His uncle smiles almost sadly. “Leave it to me.”

“But—”

“Ben.” Luke inclines his head.

Still he follows them, chest tight and throat dry, through the cavernous temple corridors. When they reach their destination, and the other knights wheel the stretcher into a shadowed med bay, Luke pauses, turning to face his nephew.  
“Stay out here,” he cautions. “The Force is a fickle mistress. Too many Force-sensitives might disturb its balance.”

“Please,” Ben hisses through gritted teeth. His uncle has nearly spoken again to dissuade him when he continues, his tone lower and scraping now, “Please don’t let her die.”

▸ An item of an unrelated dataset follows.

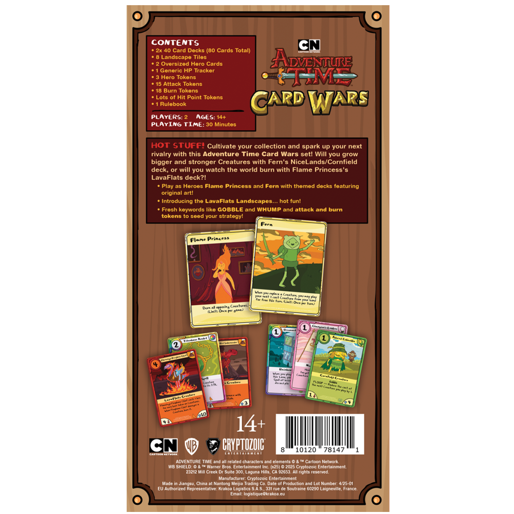 Cultivate your collection and spark up your next rivalry with this Adventure Time Card Wars set! Will you grow bigger and stronger Creatures with Fern's NiceLands/Cornfield deck, or will you watch the world burn with Flame Princess's LavaFlats deck?!

Luke sighs, eyes shimmering with a strange, knowing glow, and bows his head. “Trust me.”

The doors close in his face, and Ben Solo-Organa, blood of the Force, Senator of the New Republic, heir of Skywalker and royal prince of Alderaan and Naboo, has never felt more powerless.

\--

For hours, Ben waits by her bedside, massaging her cold, pale hand between his, willing warmth into her flesh, air into her lungs, life into her blood. And when at last, late at night and close to dawn, her eyes flutter open, something heavy shifts in his chest, and his heart itself seems to sigh with relief. 

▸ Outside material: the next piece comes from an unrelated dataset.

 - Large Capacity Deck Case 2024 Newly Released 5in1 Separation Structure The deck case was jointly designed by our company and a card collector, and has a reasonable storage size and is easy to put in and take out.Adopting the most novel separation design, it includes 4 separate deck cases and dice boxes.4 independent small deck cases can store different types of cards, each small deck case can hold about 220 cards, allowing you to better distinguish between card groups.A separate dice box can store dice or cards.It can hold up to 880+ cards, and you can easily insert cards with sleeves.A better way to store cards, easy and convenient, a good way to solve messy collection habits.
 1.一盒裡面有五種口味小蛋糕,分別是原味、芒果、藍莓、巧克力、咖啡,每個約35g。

“You’re alive,” she says simply, quietly.

Ben is at once acutely conscious of his brow furrowing, his eyelids fluttering open and closed, his heart thundering furiously in his chest. With a long, shuddering sigh, he leans over her pillow, his hand trailing shakily down her cheek. “Why did you do it?” he murmurs. It’s the first thing that comes to his mind, the thought that would have haunted him unto the _grave_ had she—

“You’re the last blood of Skywalker,” she whispers feebly. “The senator who would save the Republic. I am replaceable. You are not.”

“No,” he grits out, surprised at the tears that bead in his eyes. The words are almost harsh, sharp with feeling. “You are not replaceable to _me_.”

Rey laughs. Wounded and close to death, and she _laughs_. “Don’t be ridiculous,” she says breathily.

“I’m not,” he answers, gathering her limp, boneless figure in his arms and lifting her torso from the bed. Her head lolls weakly backward, but he catches it in his hand, his fingers tensing against the back of her skull. “Rey, I _love_ you.”

“I know,” she whispers.

“What?” His trembling hand smoothes the sweat-slicked wisps of hair from her forehead.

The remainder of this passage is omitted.